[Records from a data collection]
=== Section Start ===

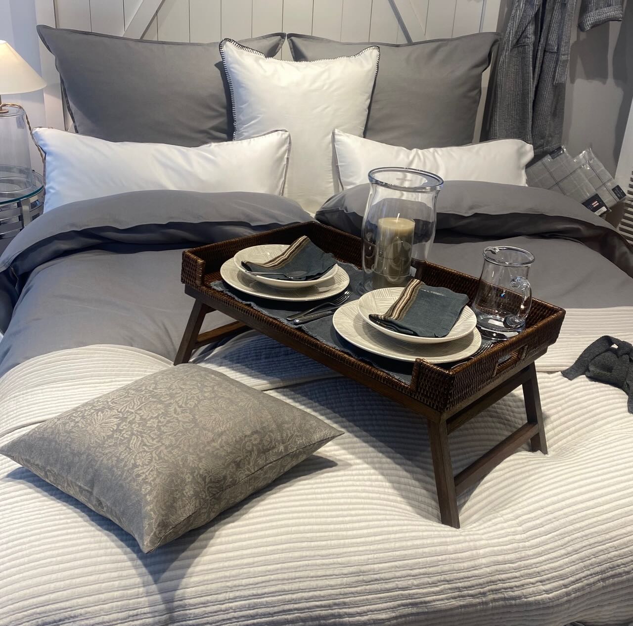 Diese schöne Tagesdecke von Lexington wird aus feiner Baumwolle gefertigt. Das dekorative Plaid ist angenehm weich im Gebrauch und besticht durch das schöne Streifenmuster in frischer weiß-grauer Optik. Die Rückseite hat das Streifenmuster in grau-weiß, so dass man dieses Plaid auch gut beidseitig verwenden kann.
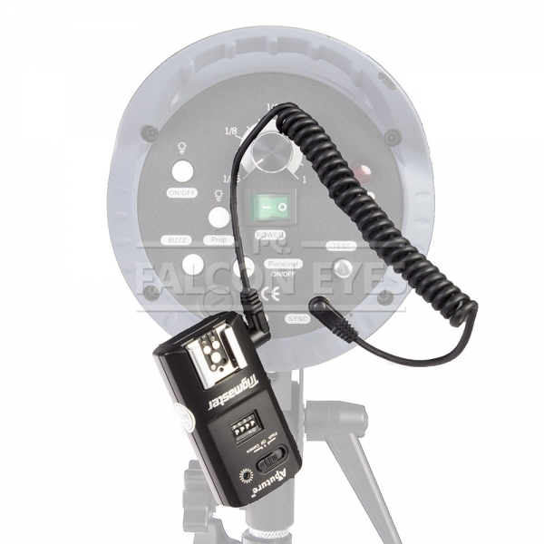 • Синхронизация по одному из каналов со студийной вспышкой - передатчик устанавливается в "горячий башмак" камеры, а приемник через синхрокабель подключается к студийной вспышке.
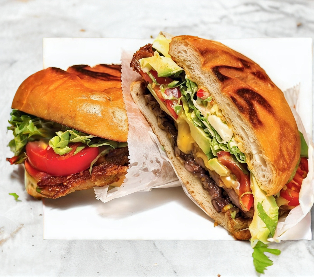 Una Torta tamaño regular Milanesa de pollo, jamón, queso de hebra, mayonesa, jitomate, aguacate y frijoles.
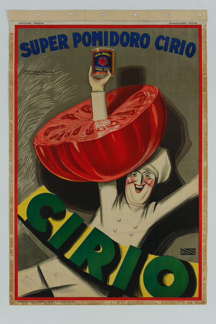Lettura iconografica: figura maschile; cuoco; pomodoro; barattolo di salsa. Categoria merceologica/ tipo evento: industria alimentare; conserve a base di ortaggi; conserva di pomodoro. Nomi: Cirio. Luoghi: Torino
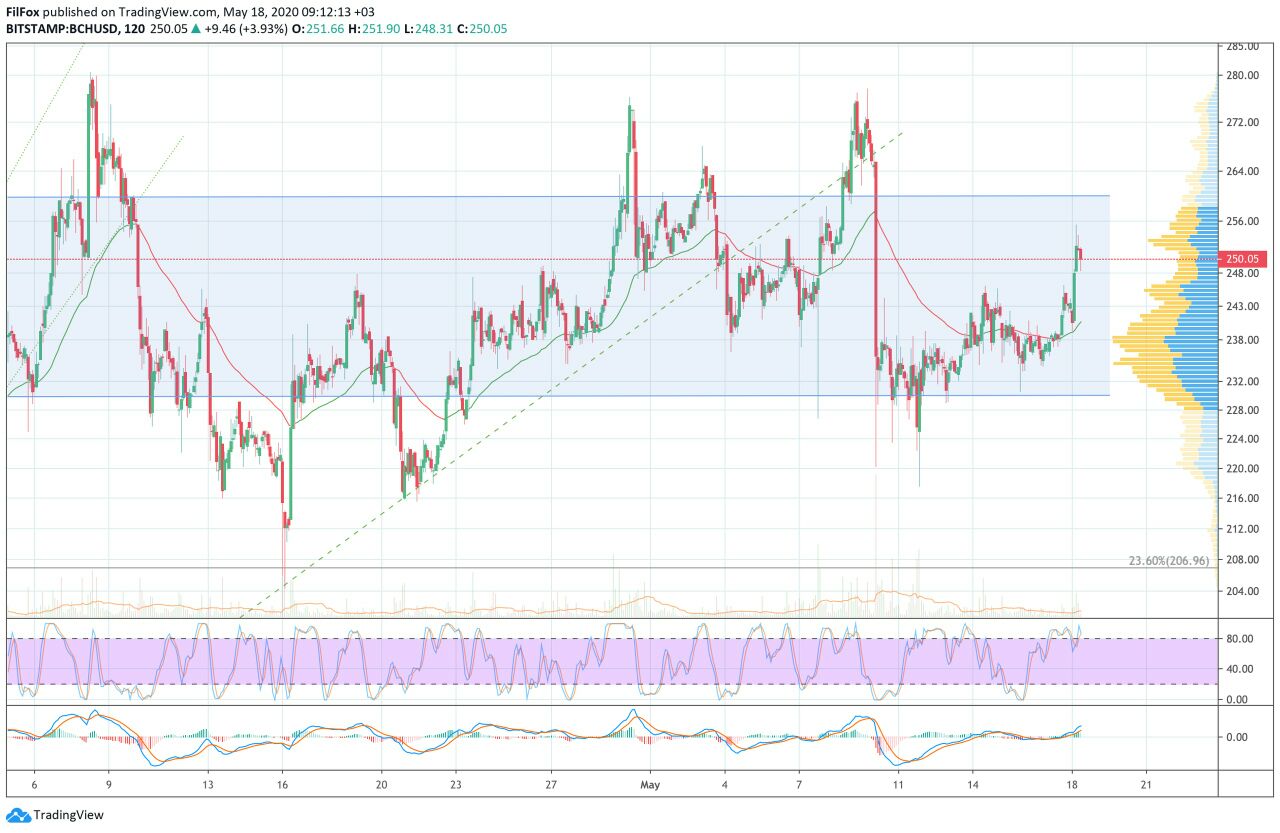 Вчера медведи обозначили недельный минимум, а сегодня покупатели попытаются исправить ситуацию и вернуться к уровню средних цен. Вчера медведи продавили линию POC (238.31 USD) и выбили пару BCH/USD из широкого голубого диапазона. В завершении дня продавцы установили минимум в районе отметки 220.00 USD.

=== Section End ===

# [ACTIVITY]
If a record contains a picture, leave the picture out; repeat the record itself exactly.

# [TASK OUTPUT]
 Diese schöne Tagesdecke von Lexington wird aus feiner Baumwolle gefertigt. Das dekorative Plaid ist angenehm weich im Gebrauch und besticht durch das schöne Streifenmuster in frischer weiß-grauer Optik. Die Rückseite hat das Streifenmuster in grau-weiß, so dass man dieses Plaid auch gut beidseitig verwenden kann.
 • Синхронизация по одному из каналов со студийной вспышкой - передатчик устанавливается в "горячий башмак" камеры, а приемник через синхрокабель подключается к студийной вспышке.
 Una Torta tamaño regular Milanesa de pollo, jamón, queso de hebra, mayonesa, jitomate, aguacate y frijoles.
Lettura iconografica: figura maschile; cuoco; pomodoro; barattolo di salsa. Categoria merceologica/ tipo evento: industria alimentare; conserve a base di ortaggi; conserva di pomodoro. Nomi: Cirio. Luoghi: Torino
 Вчера медведи обозначили недельный минимум, а сегодня покупатели попытаются исправить ситуацию и вернуться к уровню средних цен. Вчера медведи продавили линию POC (238.31 USD) и выбили пару BCH/USD из широкого голубого диапазона. В завершении дня продавцы установили минимум в районе отметки 220.00 USD.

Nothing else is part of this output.